▶ _TASK DETAILS_
Please repeat each line from the one holding "b、在需要防护的源/目的安全域之间,创建安全策略阻断WannaCry服务组。" through the final line of the data, exactly as it stands, with no pictures.

▶ _DATA EXTRACT_
________________

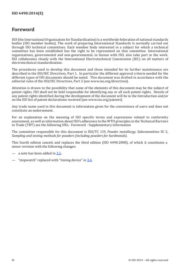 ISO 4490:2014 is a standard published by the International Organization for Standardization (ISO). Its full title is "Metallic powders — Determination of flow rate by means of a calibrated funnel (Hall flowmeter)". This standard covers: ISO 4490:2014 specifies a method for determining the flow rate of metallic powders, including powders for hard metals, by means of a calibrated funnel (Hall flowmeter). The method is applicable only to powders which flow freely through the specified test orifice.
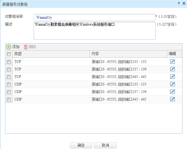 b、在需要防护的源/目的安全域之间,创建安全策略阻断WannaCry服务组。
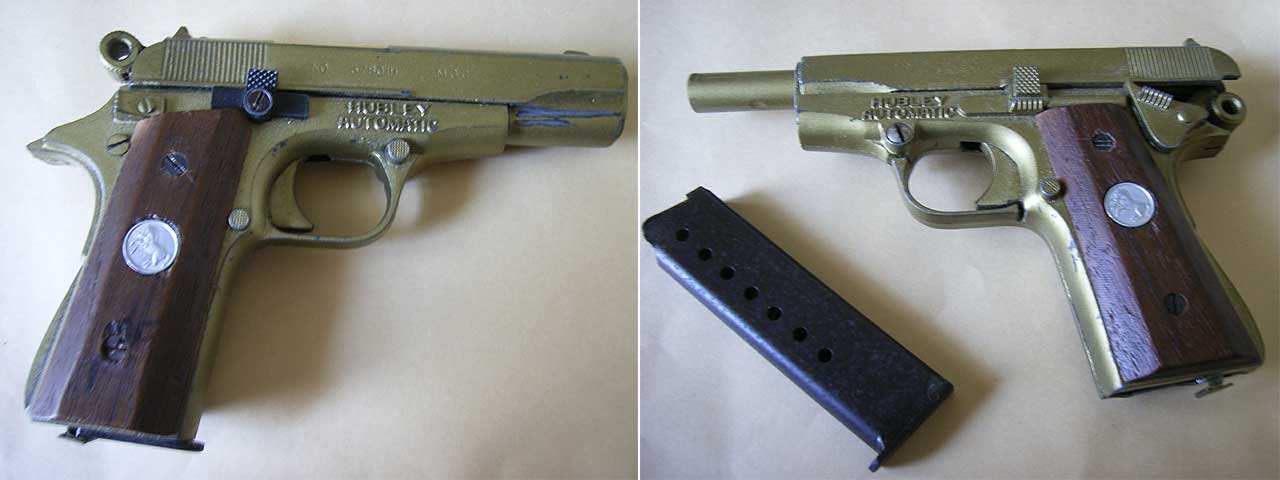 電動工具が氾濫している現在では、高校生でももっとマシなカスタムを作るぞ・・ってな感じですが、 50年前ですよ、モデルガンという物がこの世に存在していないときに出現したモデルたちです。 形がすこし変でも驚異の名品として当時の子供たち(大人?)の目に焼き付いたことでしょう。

________________

▶ _ANSWER TO THE EXERCISE_
 b、在需要防护的源/目的安全域之间,创建安全策略阻断WannaCry服务组。
 電動工具が氾濫している現在では、高校生でももっとマシなカスタムを作るぞ・・ってな感じですが、 50年前ですよ、モデルガンという物がこの世に存在していないときに出現したモデルたちです。 形がすこし変でも驚異の名品として当時の子供たち(大人?)の目に焼き付いたことでしょう。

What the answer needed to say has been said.